## The task
Your job is to print, exactly, the lines in the data below from the line with "- Клей-карандаш УСИЛЕННЫЙ" through the line with "Интеграл по адресу", both included, and to omit any picture.

## Task input

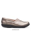 Clarks mulheres Jenette Easy Ballet Flat Clarks Estanho Metálico Camurça Feminina RJZRN53
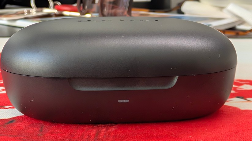 Das Case besteht aus Kunststoff, aber die Oberfläche erinnert an raues Leder. Eine kleine LED informiert über den Ladezustand von Case und Kopfhörern, während sich der Anschluss für ein USB-C-Ladekabel auf der Rückseite befindet, das allerdings nicht im Lieferumfang enthalten ist. Das Scharnier der Hülle macht ebenso wie das Ladecase selbst einen ordentlich verarbeiteten Eindruck. Die Hülle ist robust genug, um Stürze aus anderthalb Metern Höhe auf Steinboden zu überstehen, aber die Kopfhörer fallen dann aus dem geöffneten Case. Die Kopfhörer sind nach IP54-Standard gegen Schmutz und Spritzwasser geschützt.
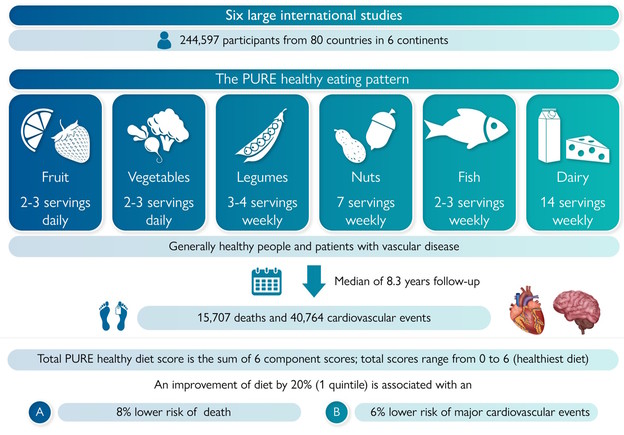 Konzumacija voća, povrća, mahunarki, orašastih plodova, ribe i punomasnih mliječnih proizvoda ključna je za smanjenje rizika od kardiovaskularnih bolesti, uključujući srčani i moždani udar. Studija je također otkrila da se zdrava prehrana može postići na različite načine, poput uključivanja umjerenih količina cjelovitih žitarica ili neprerađenog mesa.
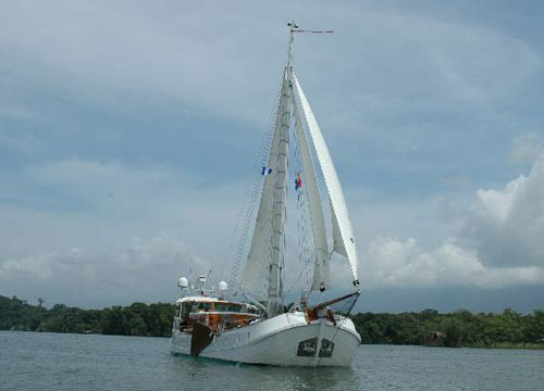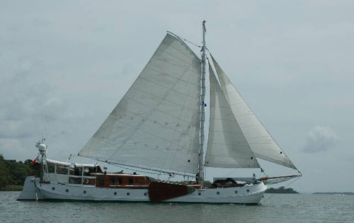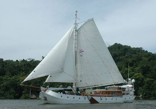 Feadship-De Vrouwe Christina This unique 83ft Feadship was built in 1957. A six million Euro refit was completed in 2005. She is a steel riveted hull with teak cabin sides and teak over steel decks. We keep the DVC in pristine condition at all times. She is functional as well as beautiful. From the outside she looks like her original design as a Dutch sailing Tjalk, but from the inside she is open and modern. She is powered by two Perkins Saber 300Kw main engines and two Kohler 35kw gen sets. She has been refit with every modern convenience including: electric winches, hydraulic bow/stern thrusters and windlass, a complete Miele galley, and a powerful air-conditioning system throughout. The navigation system is based around the Simrad and Micad touch screen with dual station readouts. A Fleet 55, Mini M, Global Star, SeaTel, and every other modern convince make this vessel state of the art. This brightly varnished boat is a show stopper. On the dock tourists line up to take photos and when underway vessels of all types cruise over to get a closer look at her beauty and charm. Scott is the Chief Engineer while Allison is the Captain. Under the care of Team Yachtwork, DVC, raised her sails for the first time in over two decades. The owners are living aboard full time along with Team Yachtwork. We departed Florida in June 2006 and visited Mexico, Belize, the Rio Dulce of Guatemala, Roatan, San Andreas, and completed three Panama Canal transits. I have included below some photos of the DVC working her way up the Rio Dulce. The current was almost three knots against us. Still the DVC was making constant headway in the light winds. This photo shows the lee boards in use.
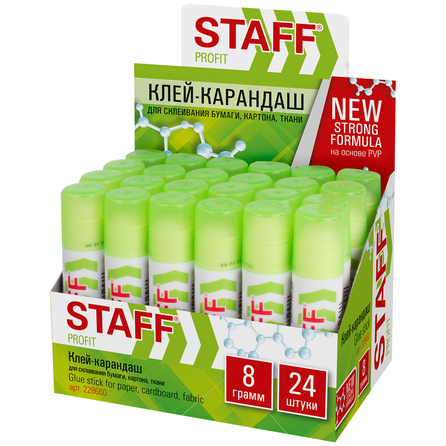 - Клей-карандаш УСИЛЕННЫЙ STAFF Profit, 8 г, PVP-основа, 228660
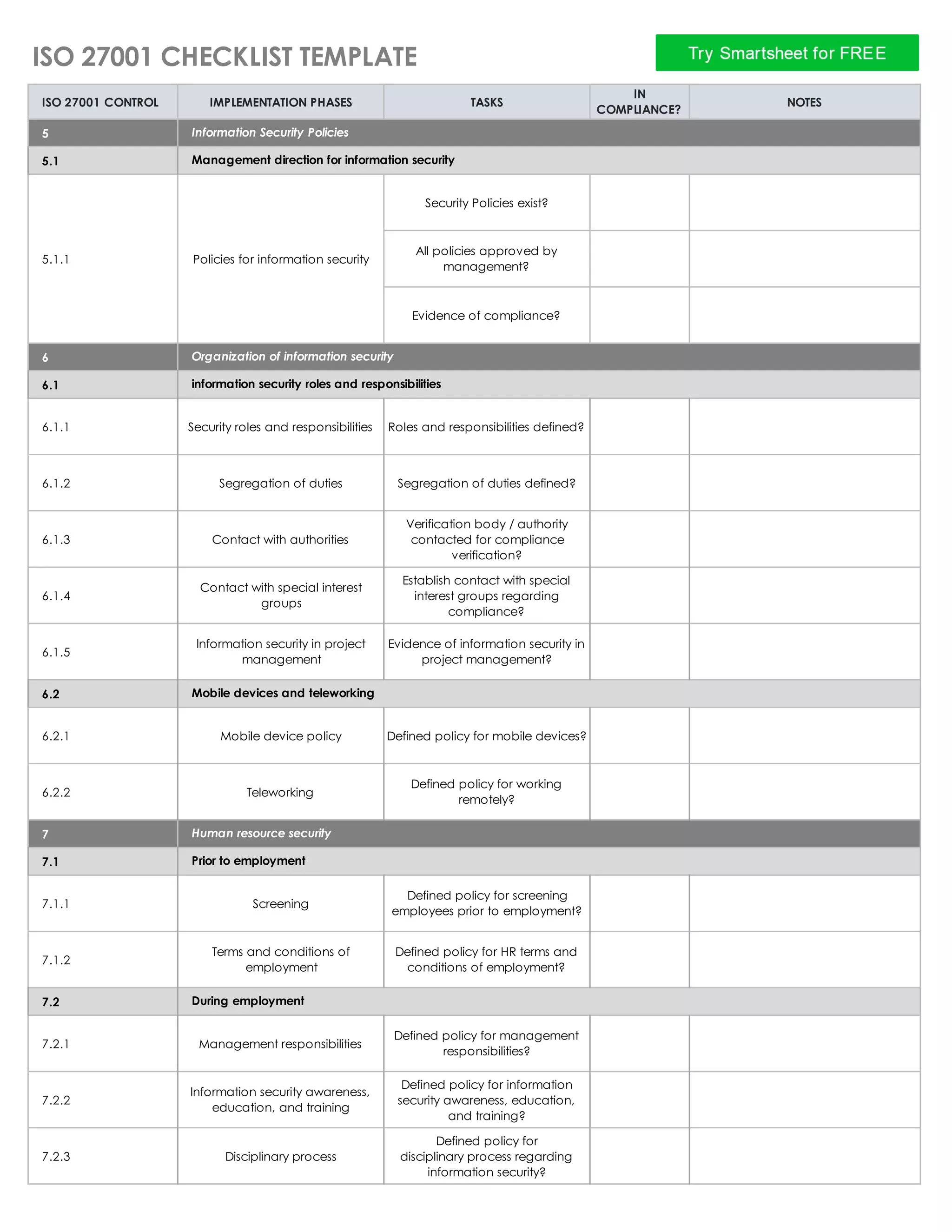 ISO 27001 CHECKLIST TEMPLATE Smartsheet Inc / iso 27001 checklist
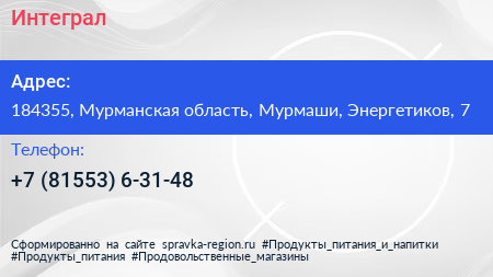 Интеграл по адресу 184355, Мурманская область, Мурмаши, Энергетиков, 7 в дальнейшем Организация, размещена в следующих категориях:
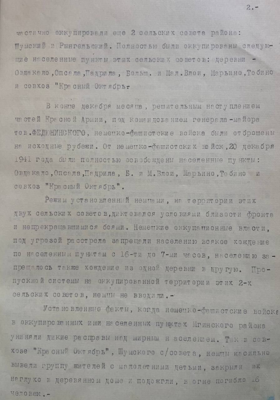 «Немцы насильно вывели группу жителей с малолетними детьми, закрыли их наглухо в деревянном доме и подожгли. В огне погибло 16 человек».
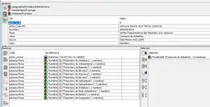 Double cliquer sur la relation commune dans la fenêtre Sélection - La fenêtre détaillant les fokontany de la commune s'ouvre, sélectionnez le fokontany concerné puis cliquez sur la poubelle sur la gauche (retirer l'élément de la relation).
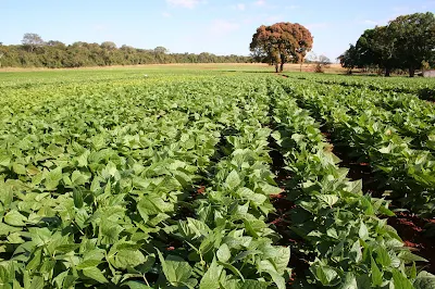 Logo acima, grande plantação de soja na Região Centro-Oeste do Brasil. Este país sul americano é o maior produtor e exportador mundial de soja do mundo, posição ocupada até recentemente pelos Estados Unidos. Logo abaixo, moderna plantação de arroz por irrigação no Brasil, uma opção de produção que não depende de áreas alagadas.
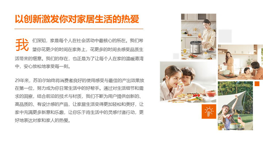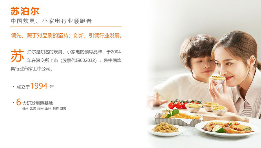 蘇泊爾始終貫徹和奉行“讓每一天的生活更輕松”的企業(yè)使命、秉承“以人為本、客戶導向、系統(tǒng)規(guī)劃、高效執(zhí)行”的經營理念,踐行“愛國、謙遜、務實、創(chuàng)新、超越”的企業(yè)作風,追求卓越品質,堅持創(chuàng)新能力,努力成為引領中國炊具、廚房電器行業(yè)的研發(fā)制造商。

## Finished exercise
 - Клей-карандаш УСИЛЕННЫЙ STAFF Profit, 8 г, PVP-основа, 228660
 ISO 27001 CHECKLIST TEMPLATE Smartsheet Inc / iso 27001 checklist
 Интеграл по адресу 184355, Мурманская область, Мурмаши, Энергетиков, 7 в дальнейшем Организация, размещена в следующих категориях:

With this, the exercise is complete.